Patrick’s stomach clenched as his mind dive-bombed into the gutter. He fought for a smooth recovery. He ran a hand over his face, and took a breath.

They locked gazes, and Patrick stubbornly set his jaw. If he was going there, he was all in.

After taking a glistening meatball on his fork, he held it out across the table. “Open wide and say ‘ah.’”

Benji wasn’t going to take the bait. There was no way. Patrick was sure of it.

He wasn’t prepared when Benji leaned forward and parted his lips in that perfect seductive pout.

Stop
, Patrick mentally screamed, cursing himself instead of Benji.

He threw the fork aside and shot from the table. Benji sat back, his mellow expression making Patrick angry. Anger was good. It was a hell of a lot more familiar than the tenderness from a minute ago.

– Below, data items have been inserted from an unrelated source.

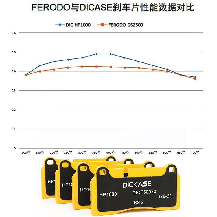 DICASE剎車片采用陶瓷復合材料,耐高溫性極好。例如DICASE的HP4000剎車片最高可使用溫度高達1100℃。
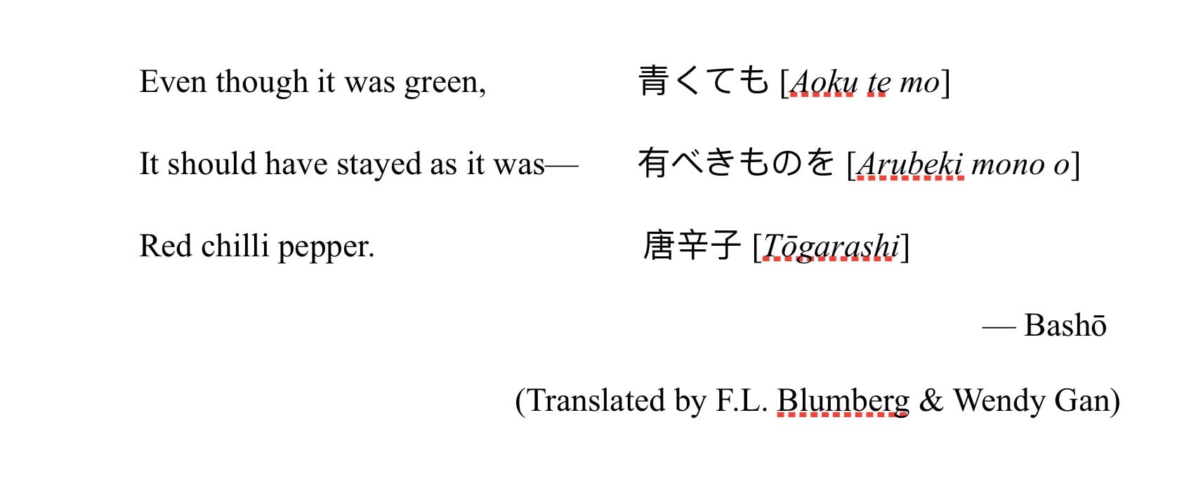 A peppery blaze creates a paradox: the palate is willing but the flesh is scorched. The drumbeat urges you on, though, and reminds you: this is a ritual. You have asked to know chilli, to let its spirit meet yours. While it can be painful, it is also life giving, awakening. It can make us recoil, then call us back for more. Conversely it can appeal to us, then keep us away. The poet Bashō recorded his painful attraction to a spicy capsicum:
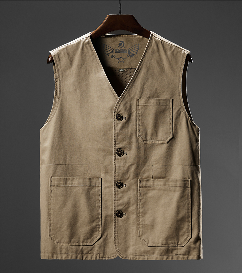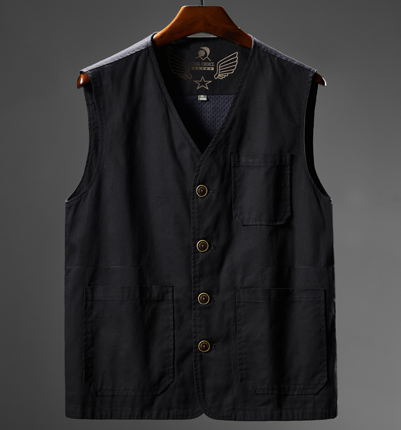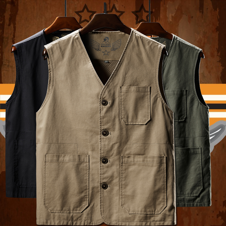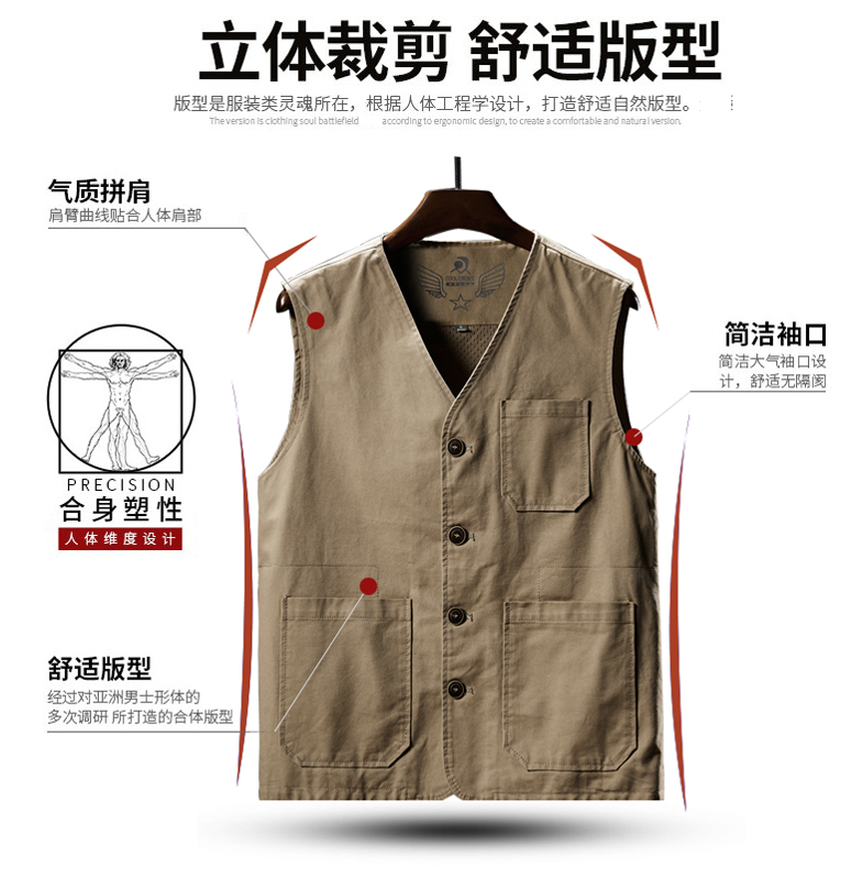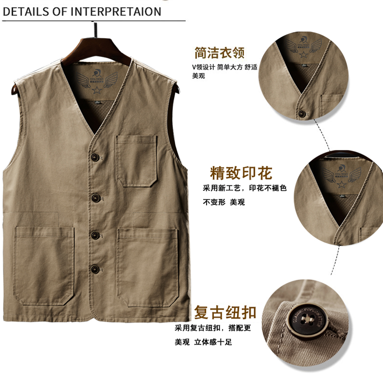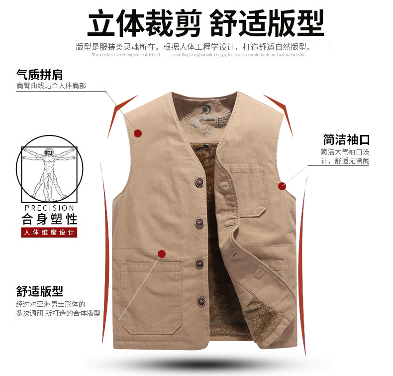 馬夾男新款純棉坎肩V領多口袋加絨大碼中老年保暖休閒馬甲爸爸裝
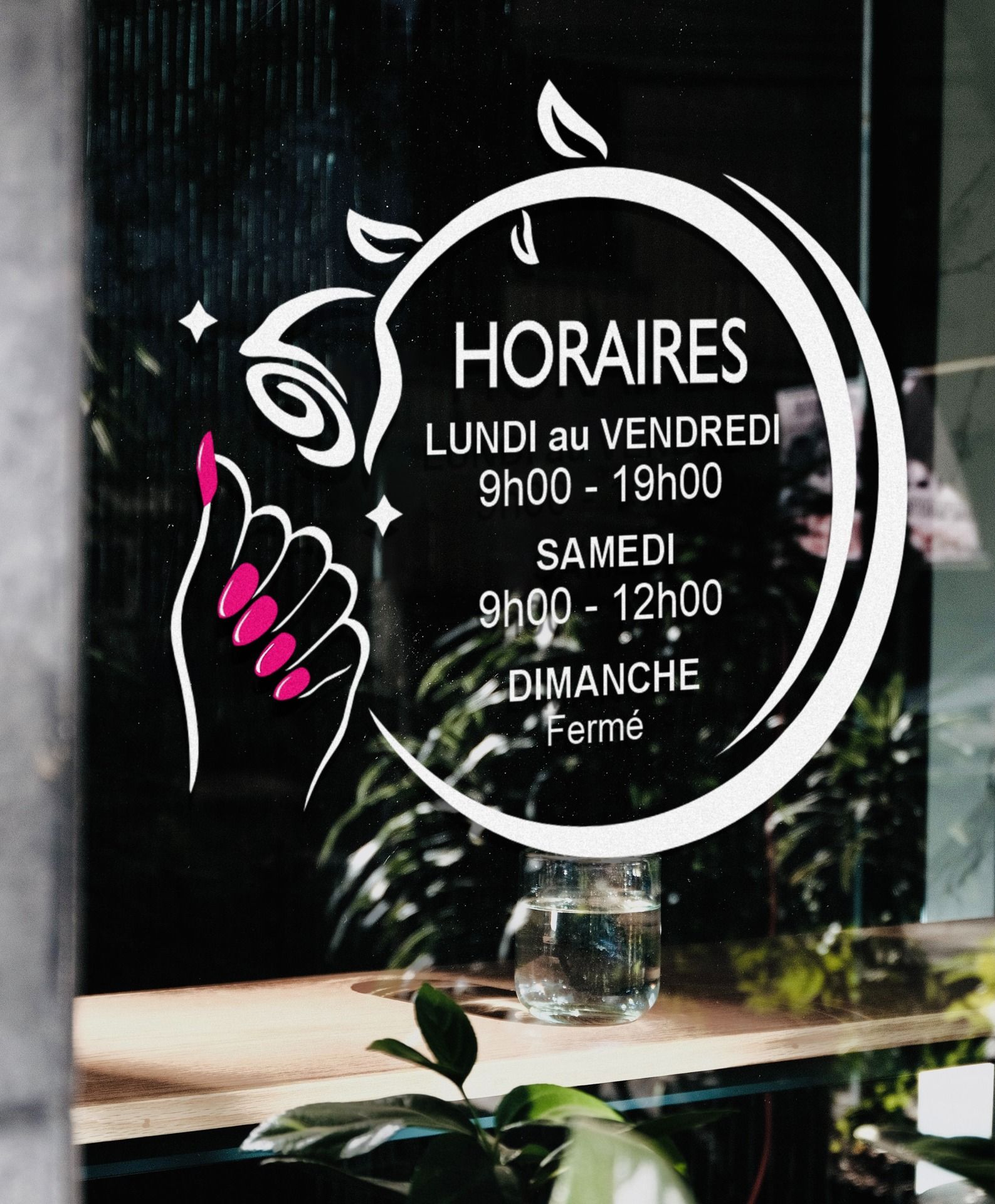 Sticker horaire vitrine , manicure, soin, beauté

Benji thought he had him all figured out, did he? He thought he could predict Patrick’s mood swings and hang on for the ride? Well, good for him. Because Patrick would be the first to admit that even he didn’t have a backstage pass to whatever the fuck was going on with him right now, so fuck Benji very much if he thought he did.

“This is how it’s going to be, huh?” Patrick growled as a jolt of hot pain raced down his spine. He gnashed his teeth and knitted his brows. In all of his bravado, his body cruelly reminded him he had gotten his ass kicked by a guy on a motor scooter.

“I don’t know. You tell me,” Benji said, unimpressed, and he crossed his arms. “You were the one going there.”

“Fine,” Patrick snapped and flung the dishes off the table with a vicious swing of the arm. “Let’s go. Right now. Here.”

Benji maintained his unimpressed expression. “Mmm-hmm.”

“Oh come
on
.” Patrick said, reaching for the waistband of his jeans. “Just two dudes fucking like jackrabbits in the middle of a CASA showroom. Takes fucking in public to a whole new level.”

Benji frowned. “Fucking? Is that what you think this is?”

Patrick had his fingers at the button and fly of his jeans but hesitated. “That’s exactly what this is.”

“This?” Benji gestured between the two of them. “
This
? I’m stuck here for….” He fell silent and then shrugged. “All eternity or whatever, and you think this is a momentary thing?”

“Work with me, cupcake.”

“Benji. My name is Benji.” He glared at Patrick. “And I’m not going to be just another notch in your MILAN bed.”

Patrick retreated to the kitchen counter and leaned back against the fake sink. Curling his fingers under the lip of the counter, Patrick clawed his fingernails into the particleboard. He couldn’t win anymore. And he had never been the most gracious of losers.

Benji appeared in front of him, his energy radiating off his smaller form into Patrick’s tense frame.

Patrick couldn’t look at him. But it was no use when he felt Benji’s warm fingers across his cheek. He swallowed, and Benji leaned closer. Benji had him powerless. All of his aggression, his taunts, his jabs, anything to push Benji away, were for nothing.

Benji pressed against him, his head to Patrick’s chest.

They stood in silence. Patrick maintained his grip on the counter.

Benji pulled away and every part of Patrick screamed for him to come back. But when he did return, Benji tilted his chin up and placed the softest of kisses on Patrick’s mouth.